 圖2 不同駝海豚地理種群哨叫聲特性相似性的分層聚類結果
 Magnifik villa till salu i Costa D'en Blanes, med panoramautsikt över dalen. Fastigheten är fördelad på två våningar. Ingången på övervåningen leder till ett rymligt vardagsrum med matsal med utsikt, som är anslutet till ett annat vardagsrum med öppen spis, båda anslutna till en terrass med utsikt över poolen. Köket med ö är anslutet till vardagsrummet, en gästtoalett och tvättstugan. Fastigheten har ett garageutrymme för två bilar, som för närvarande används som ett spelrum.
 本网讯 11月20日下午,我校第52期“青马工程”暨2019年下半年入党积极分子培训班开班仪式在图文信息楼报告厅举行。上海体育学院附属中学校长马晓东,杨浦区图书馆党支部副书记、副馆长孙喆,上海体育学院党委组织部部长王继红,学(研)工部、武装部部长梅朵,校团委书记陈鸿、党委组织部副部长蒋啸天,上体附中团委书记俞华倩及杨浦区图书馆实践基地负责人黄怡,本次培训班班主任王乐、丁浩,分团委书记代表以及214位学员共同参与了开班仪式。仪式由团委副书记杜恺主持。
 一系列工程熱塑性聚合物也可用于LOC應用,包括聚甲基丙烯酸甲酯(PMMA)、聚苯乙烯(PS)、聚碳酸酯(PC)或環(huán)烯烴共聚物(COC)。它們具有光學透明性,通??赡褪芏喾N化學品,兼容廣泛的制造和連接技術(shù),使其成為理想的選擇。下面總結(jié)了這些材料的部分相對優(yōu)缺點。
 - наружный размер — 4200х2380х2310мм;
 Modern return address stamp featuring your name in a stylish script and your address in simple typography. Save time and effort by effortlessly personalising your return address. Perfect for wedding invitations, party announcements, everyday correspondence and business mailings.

-.-.-

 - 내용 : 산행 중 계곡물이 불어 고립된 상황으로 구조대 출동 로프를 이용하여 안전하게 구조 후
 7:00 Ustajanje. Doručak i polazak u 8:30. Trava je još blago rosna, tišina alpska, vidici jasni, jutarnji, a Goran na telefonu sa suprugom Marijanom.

-.-.-

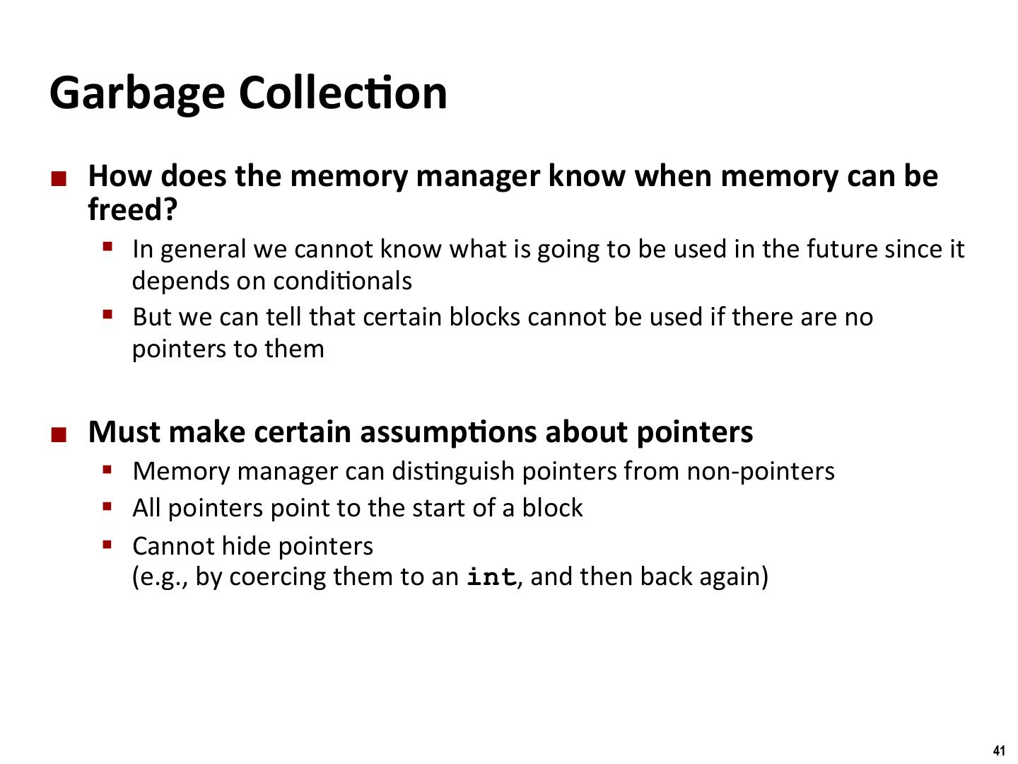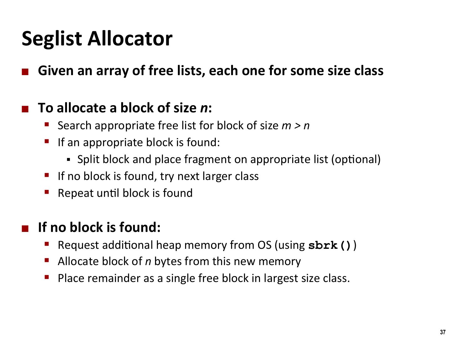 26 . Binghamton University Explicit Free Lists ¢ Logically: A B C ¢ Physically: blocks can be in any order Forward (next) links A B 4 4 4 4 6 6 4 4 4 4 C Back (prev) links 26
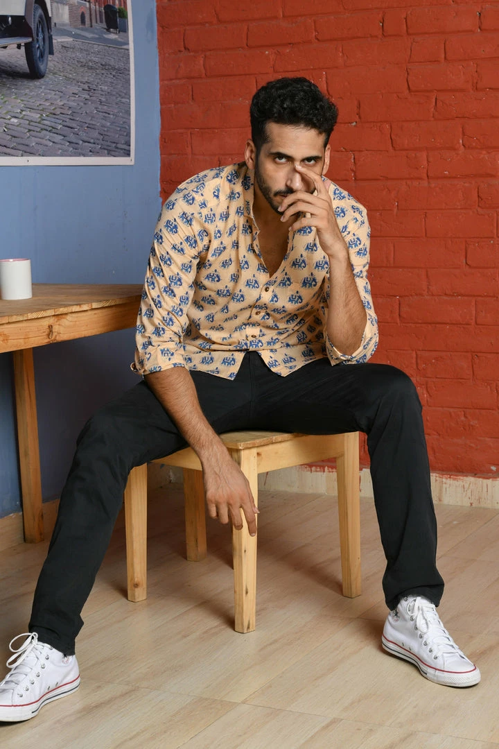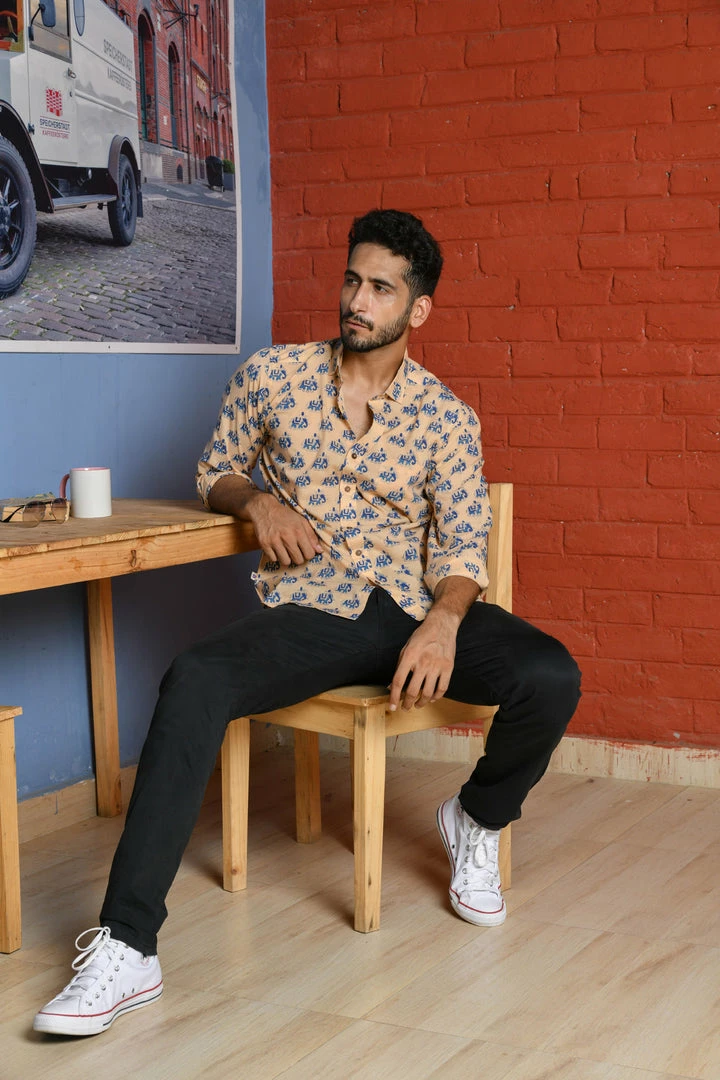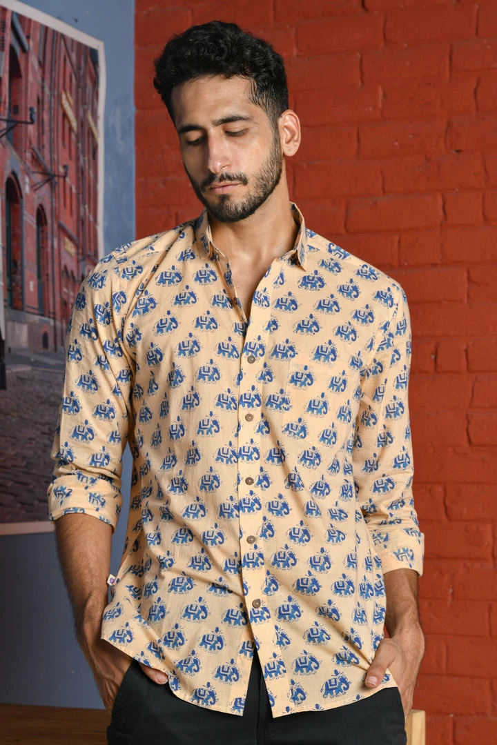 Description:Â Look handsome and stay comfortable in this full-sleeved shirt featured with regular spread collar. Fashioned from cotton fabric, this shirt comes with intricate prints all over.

-.-.-

**YOUR INSTRUCTIONS**
In the material above, locate the line containing "- наружный размер — 4200х2380х2310мм;" and the line containing "Modern return address". Transcribe exactly those two lines and every line between them, and nothing more.

**FINISHED TASK**
 - наружный размер — 4200х2380х2310мм;
 Modern return address stamp featuring your name in a stylish script and your address in simple typography. Save time and effort by effortlessly personalising your return address. Perfect for wedding invitations, party announcements, everyday correspondence and business mailings.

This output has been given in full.